The Final Destination
This is the best Death could give in 3D?
This is the best Death could give in 3D?
Before I begin my official review, allow me to talk about the title for the fourth entry in the Final Destination series. Remember the back in the 80s when the Friday the 13th series was going strong and Paramount decided to end the series on the fourth entry that was subtitled The Final Chapter (see the parallels already?)? Yeah, well it is over twenty years since then and Friday the 13th already has a reboot that happens to be the twelfth chapter. So much for finality, because in Hollywood money talks. It also just so happens that The Final Destination opened in first place during its first weekend, beating out Halloween 2 and Taking Woodstock. So the question is, is this really the last one? After what I just saw, I hope so.
Plot Synopsis: Nick and his friends Lori, Hunt, and Janet decide to go watch a stock car race one day. Well, mainly it’s Hunt, but that is only because of the possibility that he might see some spectacular crash and be entertained. Conveniently, Nick soon has a premonition of a crash that eventually comes in their direction. The car kills pretty much everybody in the section, but just as Nick meets his end, the premonition ends. What really gets Nick paranoid though is that the chain of events begins once again in reality. Eventually, Nick gets his friends and a few others to leave the track after a fight ensues. But when they all get outside, the crash occurs just as Nick said it would. The group thinks that they have dodged the bullet for now, but when the other survivors begin to die in mysterious and bizarre ways, Nick believes that they are next in the chain.

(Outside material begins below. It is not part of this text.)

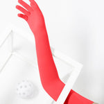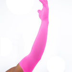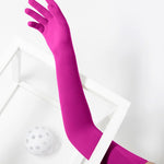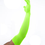 Matte opaque fitted long shoulder gloves, also known as Armsocks. Designed and manufactured exclusively by We Love Colors using a special knitting method that makes our two sizes fit most hands. Perfect alternative to body paint and performances or simply to add a twist to your look. These are knitted gloves.

If you have seen a Final Destination movie before, then you know the deal. Writer Eric Bress wisely chucks out the explanations behind Death’s grand design and cuts straight to the chase, making for a fast paced thriller not bogged down by redundant exposition. The bloody kills come at a nonstop clip, and there is never a dull moment. Here is the problem though; I didn’t care one iota as to what would happen next. Now to call horror characters flat is like saying junk food is bad for you, but I want at least some kind of differentiation between them, no matter how minimal the character development is. The first Final Destination and even the third one to a certain extent (I haven’t seen the second), took at least a little breather here and there to lay the basic foundations for the characters and who they are. Here, we quickly meet the four leads, get their names, and then the premonitions begin. No investment, no reason to care, just bang, boom, splat, and then done. The actors don’t improve matters much either. The two girls in the group are interchangeable, and Bobby Campo (Nick) makes for a boring protagonist. Only Nick Zano makes any kind of impression as Hunt, the stereotypical asshole. When the security guard is more developed than your leads, you’ve got a problem.
Returning from his directing gig on Final Destination 2 is David R. Ellis, who at least has experience with the series and its machinations. Despite this, Ellis appears to be going on auto-pilot here. Many of the kill sequences seem uninspired and tiring, such as one instance where they repeat one of the more memorable deaths from the original. It also doesn’t help that some of them are laughably cheesy, and not intentionally cheesy either. Something that intrigued me when this entry was announced was that many of the scenes would be shot in 3D, since 3D and Final Destination seem to go hand and hand. But this turns out to be a disappointment, as many of these effects are cartoonish and of the “throw objects at the screen” variety. Some of the effects like the flying race cars stand out as strong uses of the format, but most of the 3D is a wasted opportunity. One thing Ellis doesn’t skimp on though is the blood and guts. With the exception of some moments of CGI gore, there are some pretty nasty bits that had me cheering (love the tire kill). Actually the best moments come during the opening and closing credits, which inject some originality into the events by showing the kills in an X-ray overall. It sounds stupid on paper, but the end result turns out better than expected.
Judging by the title and quality of the final product, one would hope that the series could just stay dormant for a while and take a rest so the filmmakers could come up with some creative ideas. How about a reboot? I’m just kidding about that.